The gods are here to fight.

Apollo raises his hand, sound crashes in, time begins again like a tsunami of dust and motion, and the killing resumes in earnest.

10

Paris Crater

Ada, Harman, and Hannah waited the two days usually observed as a minimum decent interval after a firmary visit, and then faxed to Paris Crater to find Daeman. It was late and dark and chilly there and—they discovered as soon they stepped out from under the Guarded Lion faxnode roof—raining. Harman found them a covered barouche and a voynix pulled them northwest along a dried riverbed filled with white skulls, past miles of tumbledown buildings.

“I’ve never been to Paris Crater,” said Hannah. The young woman, just two months shy of her First Twenty, did not like big cities. PC was one of the most populated faxnodes on Earth, with some 25,000 semipermanent residents.

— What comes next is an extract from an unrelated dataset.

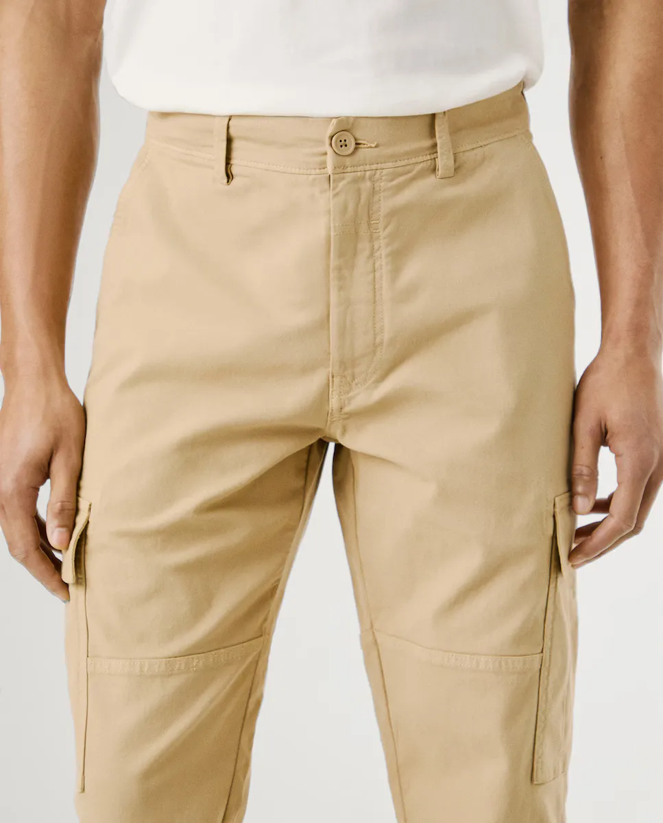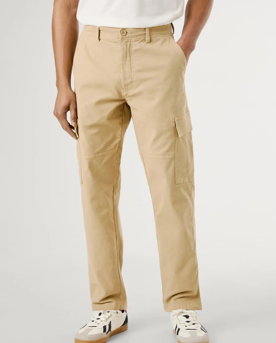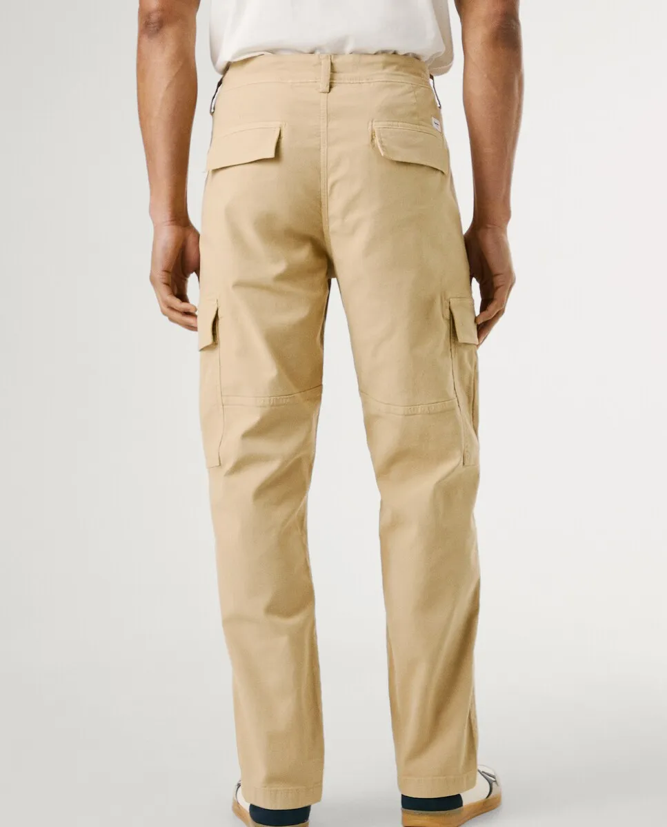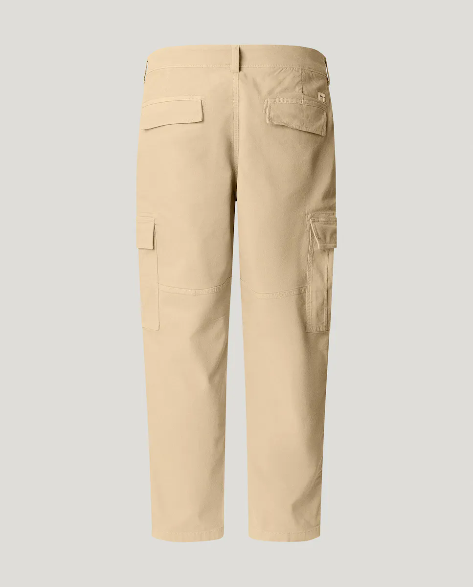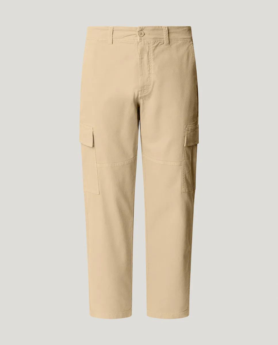 Штаны карго из эластичного холста с обычной посадкой, с итальянскими карманами, боковыми накладными карманами с клапаном, задними накладными карманами с клапаном и застежкой на молнии и кнопке. Каменный стирка и окрашивание в изделии, внутренняя талия с логотипом, напечатанным по всей длине, и бирка с логотипом PEPEJEANS на заднем кармане. Изготовлено на 100% из устойчивого хлопка.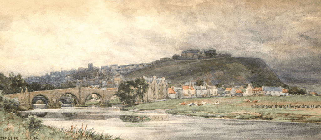Featured today is a watercolour by the eminent Glasgow artist, Alexander Kellock Brown RSA RSW RI (1849 – 1922), purchased recently for the Stirling Smith collections. The artist’s viewpoint is from the Cornton area, looking across the Forth to what was Winshel Place at Laurencecroft (now Drip Road) in the late 19th century. All of the little vernacular buildings, some with red pantiled roofs, were swept away by new local authority housing at Laurencecroft and the rest of Raploch in the 20th century. The magnificent tenement at the south end of the Old Bridge was demolished in 1963. The only building which remains from that time is Campbell’s building at what is now the foot of Lower Bridge Street. There are cattle grazing on Laurencecroft.

“It’s one reason I faxed us to the Guarded Lion node rather than a port called Invalid Hotel that’s closer to where Daeman lives on the rim,” said Ada. “Everything about this town is ancient. It’s worth taking one’s time to look around.”

Hannah nodded, but doubtfully. The row upon row of stone and steel buildings, most sheathed in shiny everplas, looked empty and dark and cheaply slick in the rain. Servitors and glow globes floated purposefully here and there down the dark streets, voynix stood silent and still on corners, but very few humans were visible. Then again, as Harman pointed out, it was after 10 p.m. Even a city as cosmopolitan as Paris Crater had to sleep.

That’s interesting,” said Hannah, pointing to the structure rising a thousand feet above the city.